Posted by: Oriol Raventós on September 5, 2012 4:59 PM | Permalink | Reply to this

Re: Brown representability

I’d just like to explicitly cite Heller’s paper “On the representability of homotopy functors” J. London Math. Soc. (2) 23 (1981), no. 3, 551–562, which Karol already mentioned on math overflow, as his Theorem 1.3 is the most general positive result that I know, but I don’t think the paper is as well known as it should be.

I should also mention that the representability of homology functors (which isn’t representability in the sense of category theory, since it involves a symmetric monoidal structure), is much more subtle.

Posted by: Dan Christensen on September 26, 2012 5:18 PM | Permalink | Reply to this

Re: Brown representability

Alex Heller’s papers from that time were full of insights that perhaps now are better appreciated, yet you rarely see references to them. He did a lot of work on homotopy Kan extensions, for instance.

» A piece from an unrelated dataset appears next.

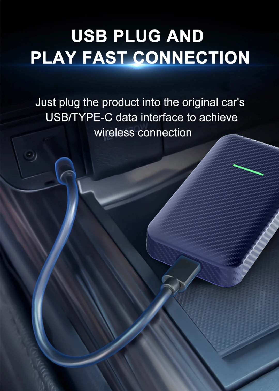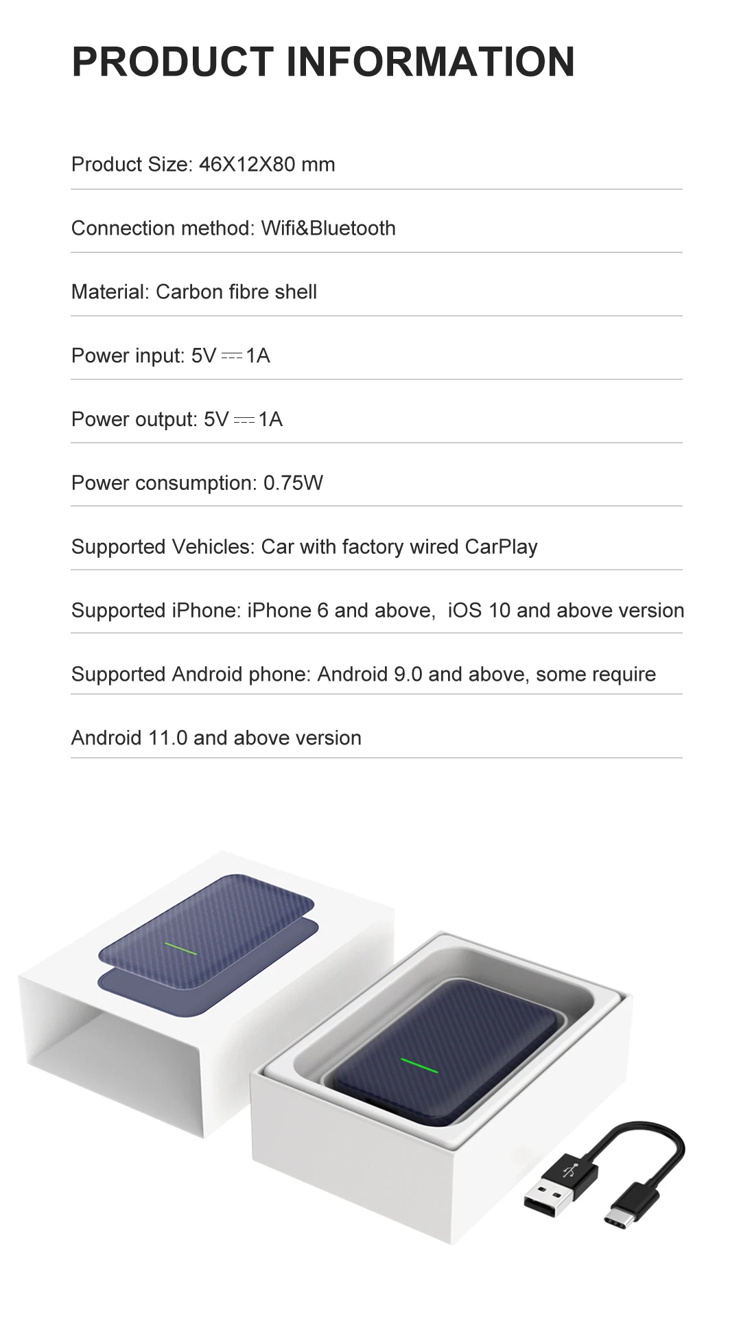 - Mini boîtier adaptateur CarPlay sans fil

Posted by: Tim Porter on September 26, 2012 8:32 PM | Permalink | Reply to this

Re: Brown representability

Indeed they are! I’ve been discovering that his monograph “Homotopy theories” and later paper on stable homotopy theories are full of useful stuff about what we now call derivators.

Posted by: Mike Shulman on September 26, 2012 10:36 PM | Permalink | Reply to this

Re: Brown representability

Yes, in that memoir Alex had some comment about Grothendieck doing something but it seems to be going in a different direction! I seem to remember telling both of them about the others work way back in 1984 or shortly after, but I do not know if the message was understood. They thought of themselves doing different things.

Jean-Marc Cordier and I worked on trying to extend his proofs (including that of Brown representability) to the simplicially enriched context (as we called it then). That part of our results were never published but some of the more basic stuff did appear in the paper (Homotopy Coherent Category Theory, Trans. Amer. Math. Soc. 349 (1997) 1-54.).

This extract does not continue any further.